◆ Materials provided ◆
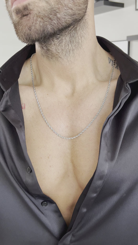 Men's silver rope necklace, perfect for a simple look alone or pairing with one of our other necklaces.
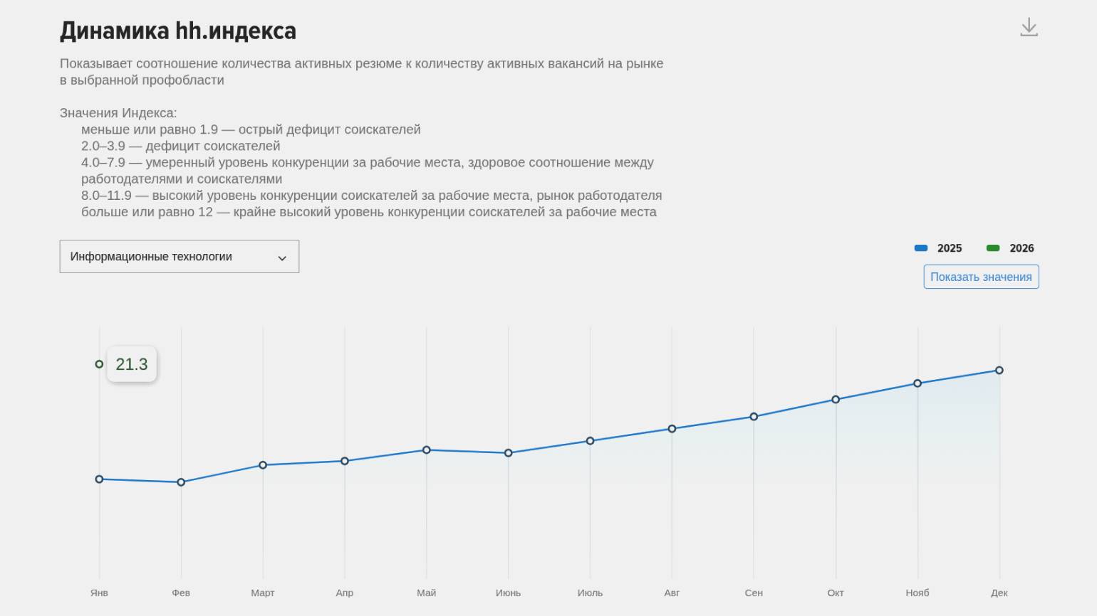 Российский IT-рынок столкнулся с резким ростом конкуренции из-за сокращения вакансий и одновременного притока соискателей. По данным HeadHunter, в январе 2026 года на одну вакансию приходилось в среднем 21,3 резюме — более чем вдвое больше, чем годом ранее, когда этот показатель составлял всего 9,9.
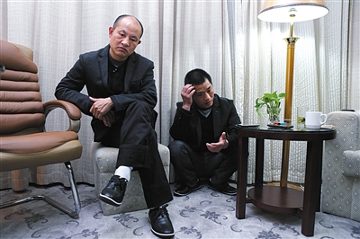 2013年3月26日,浙江叔侄奸杀冤案获平反后,张高平(左)和侄子张辉向记者讲述这些年的遭遇。当年5月17日,浙江省高院共向叔侄二人支付国家赔偿221.14万元。图/视觉中国
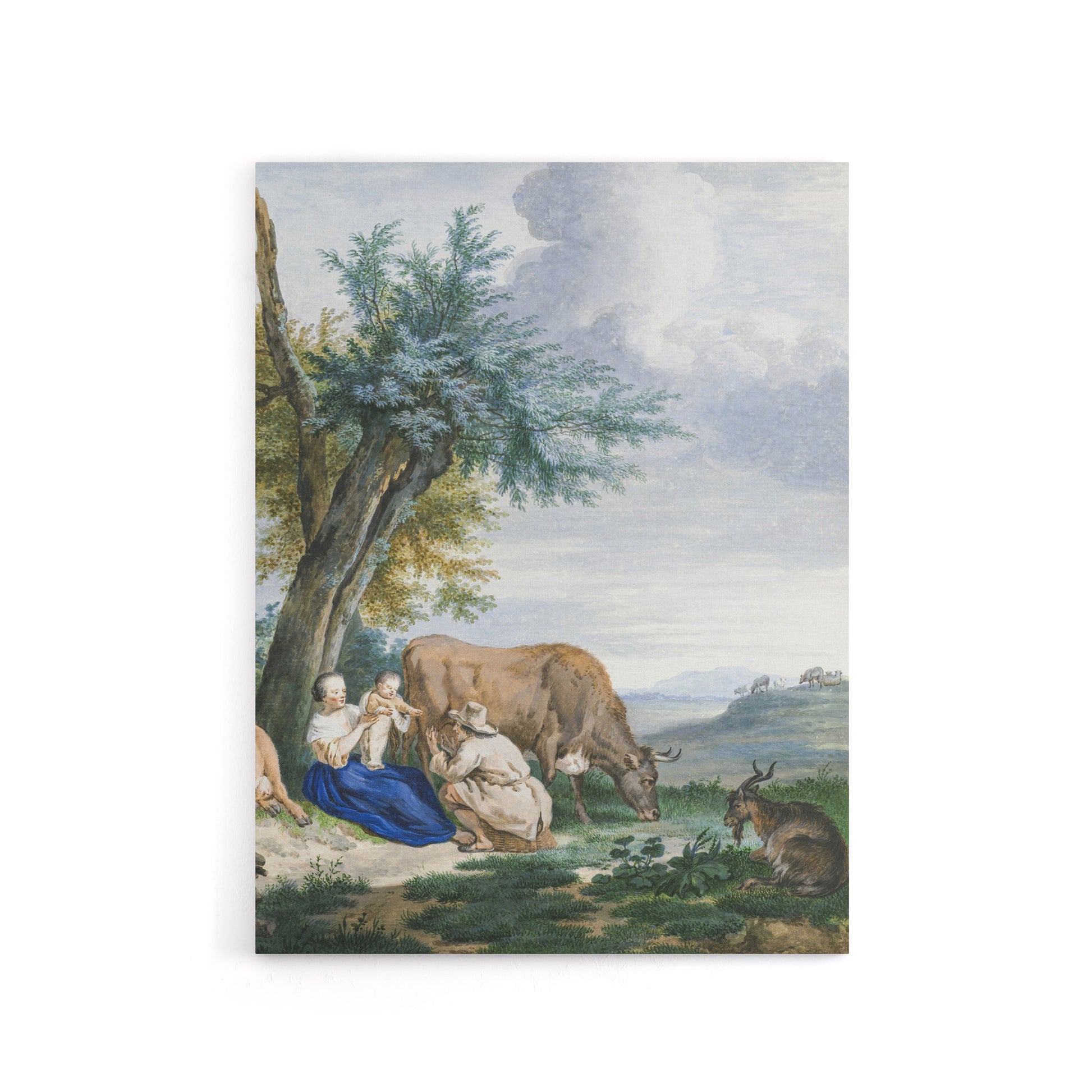 Peasant Family and cattle Landscape Wall Art Print Artwork by Schouman – This pastoral artwork by Schouman depicts a peasant family with cattle in a peaceful landscape, painted with soft realism. A beautiful wall art print and picture that enhances home decor with warmth and tradition. A print that adds countryside calm and timeless grace to your walls.
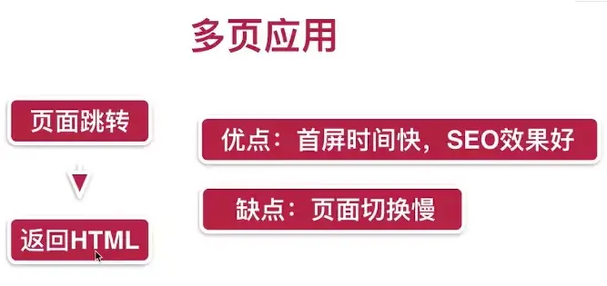 搜索引擎在做网页排名的时候,要根据网页内容才能给网页权重,来进行网页的排名。搜索引擎是可以识别html内容的,而我们每个页面所有的内容都放在Html中,所以这种多页应用,seo排名效果好。 但是它也有缺点,就是切换慢 因为每次跳转都需要发出一个http请求,如果网络比较慢,在页面之间来回跳转时,就会发现明显的卡顿。
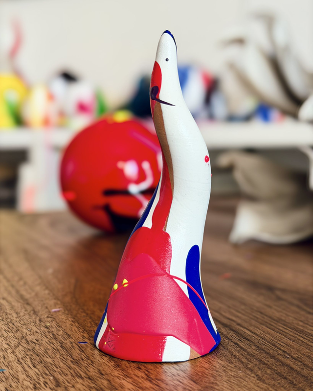 Corno in terracotta dipinto a mano, pezzo unico. Altezza circa 10cm.
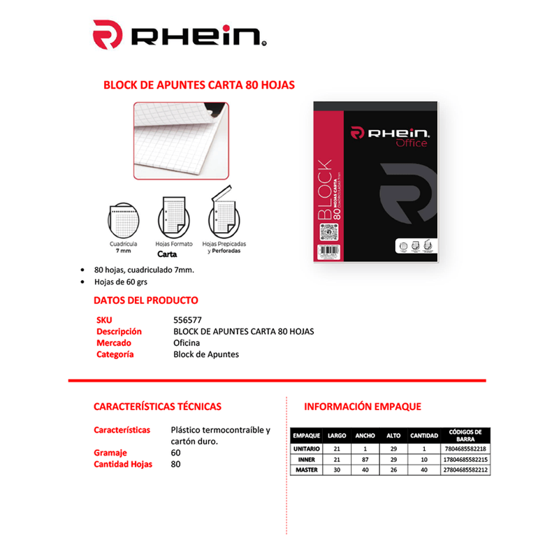 Block Prepicado Perforado Carta 80 Hojas 7 Mm Rhein
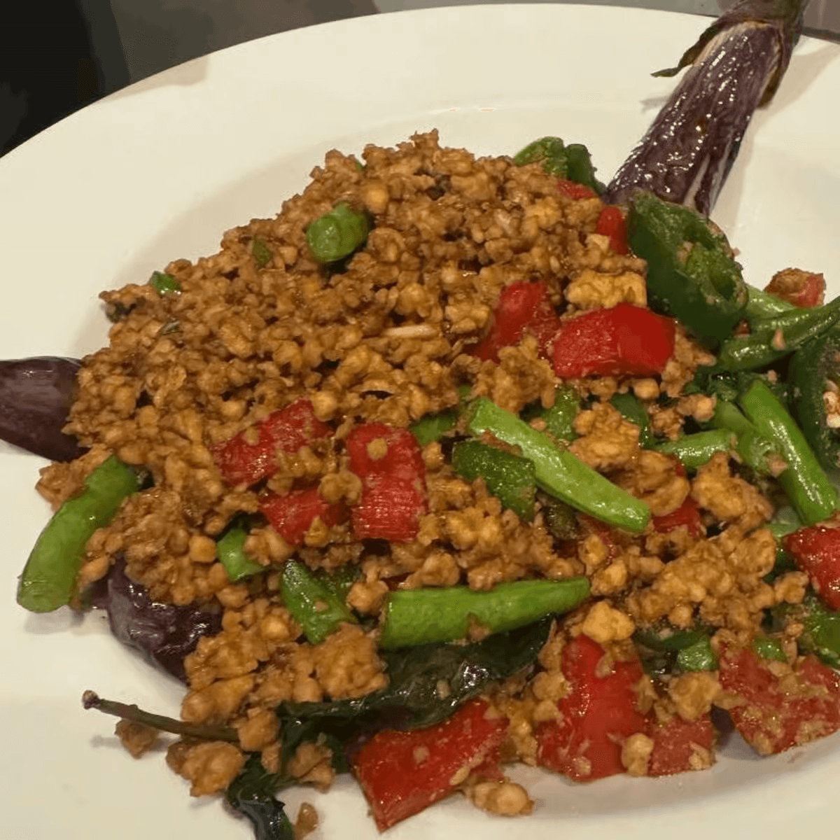Eggplant, basil, jalapeño, bell peppers, green beans and ground chicken. Spicy
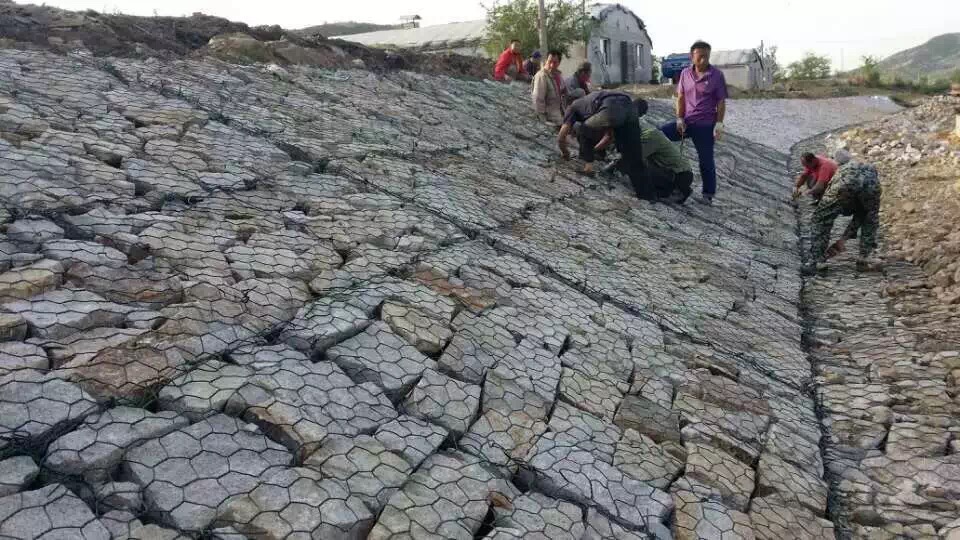 熱鍍鋅石籠格賓是由抗腐耐磨高強的低碳鍍鋅鋼絲編織成雙絞六邊形的金屬網(wǎng)箱,根據(jù)工程設計要求組裝并裝入塊石等填充料的一項工程技術,這種蜂巢型結構,最能符合力學的原理,是一個同性質的巨大塊狀結構.體,具有承受張力的功能,并可吸收未知的壓力.這項技術能較好地實現(xiàn)工程結構與生態(tài)環(huán)境的有機結合,為保護河床,治理滑坡,防治泥石流災害,防止落石兼顧環(huán)境保護的首選結構形式
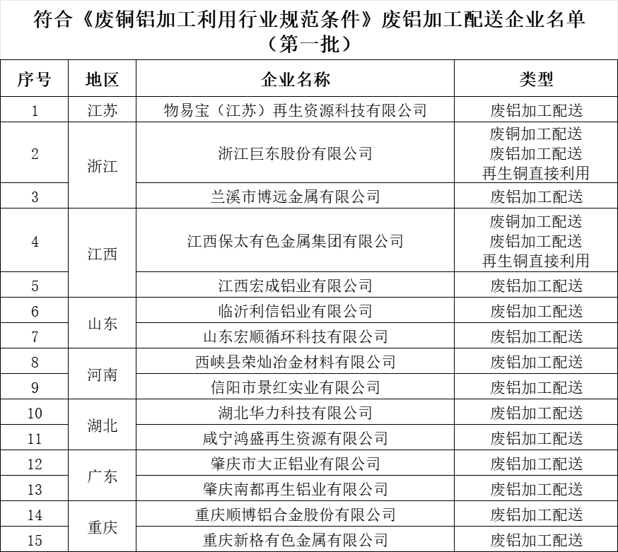 附件:符合《废铜铝加工利用行业规范条件》企业名单(第一批)
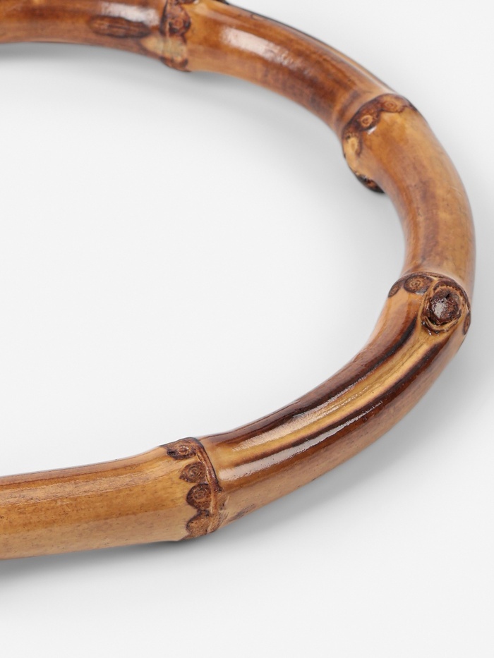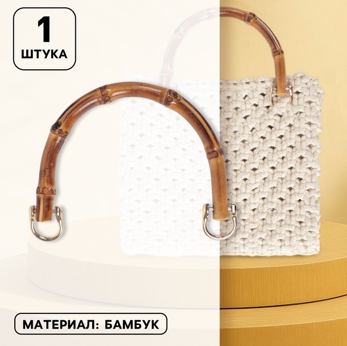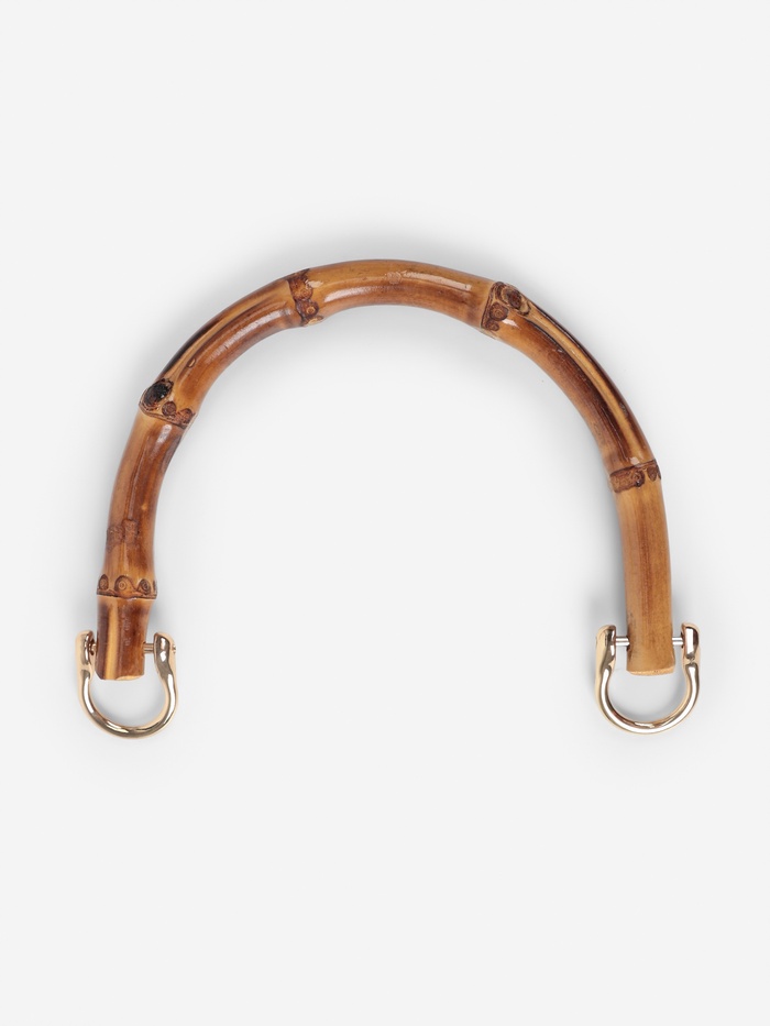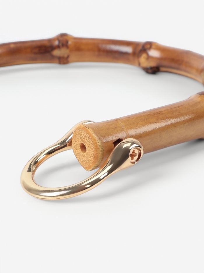 Эта ручка для сумки из бамбука с полукольцами — стильное решение для обновления вашего аксессуара. Размер 13,5×10,5 см позволяет использовать ее с различными моделями. Бежевый цвет натурального бамбука в сочетании с золотой фурнитурой создает элегантный и современный образ.

◆ Exercise objective ◆
Retype every record as it stands. None of the pictures should appear.

◆ Final answer ◆
 Men's silver rope necklace, perfect for a simple look alone or pairing with one of our other necklaces.
 Российский IT-рынок столкнулся с резким ростом конкуренции из-за сокращения вакансий и одновременного притока соискателей. По данным HeadHunter, в январе 2026 года на одну вакансию приходилось в среднем 21,3 резюме — более чем вдвое больше, чем годом ранее, когда этот показатель составлял всего 9,9.
 2013年3月26日,浙江叔侄奸杀冤案获平反后,张高平(左)和侄子张辉向记者讲述这些年的遭遇。当年5月17日,浙江省高院共向叔侄二人支付国家赔偿221.14万元。图/视觉中国
 Peasant Family and cattle Landscape Wall Art Print Artwork by Schouman – This pastoral artwork by Schouman depicts a peasant family with cattle in a peaceful landscape, painted with soft realism. A beautiful wall art print and picture that enhances home decor with warmth and tradition. A print that adds countryside calm and timeless grace to your walls.
 搜索引擎在做网页排名的时候,要根据网页内容才能给网页权重,来进行网页的排名。搜索引擎是可以识别html内容的,而我们每个页面所有的内容都放在Html中,所以这种多页应用,seo排名效果好。 但是它也有缺点,就是切换慢 因为每次跳转都需要发出一个http请求,如果网络比较慢,在页面之间来回跳转时,就会发现明显的卡顿。
 Corno in terracotta dipinto a mano, pezzo unico. Altezza circa 10cm.
 Block Prepicado Perforado Carta 80 Hojas 7 Mm Rhein
Eggplant, basil, jalapeño, bell peppers, green beans and ground chicken. Spicy
 熱鍍鋅石籠格賓是由抗腐耐磨高強的低碳鍍鋅鋼絲編織成雙絞六邊形的金屬網(wǎng)箱,根據(jù)工程設計要求組裝并裝入塊石等填充料的一項工程技術,這種蜂巢型結構,最能符合力學的原理,是一個同性質的巨大塊狀結構.體,具有承受張力的功能,并可吸收未知的壓力.這項技術能較好地實現(xiàn)工程結構與生態(tài)環(huán)境的有機結合,為保護河床,治理滑坡,防治泥石流災害,防止落石兼顧環(huán)境保護的首選結構形式
 附件:符合《废铜铝加工利用行业规范条件》企业名单(第一批)
 Эта ручка для сумки из бамбука с полукольцами — стильное решение для обновления вашего аксессуара. Размер 13,5×10,5 см позволяет использовать ее с различными моделями. Бежевый цвет натурального бамбука в сочетании с золотой фурнитурой создает элегантный и современный образ.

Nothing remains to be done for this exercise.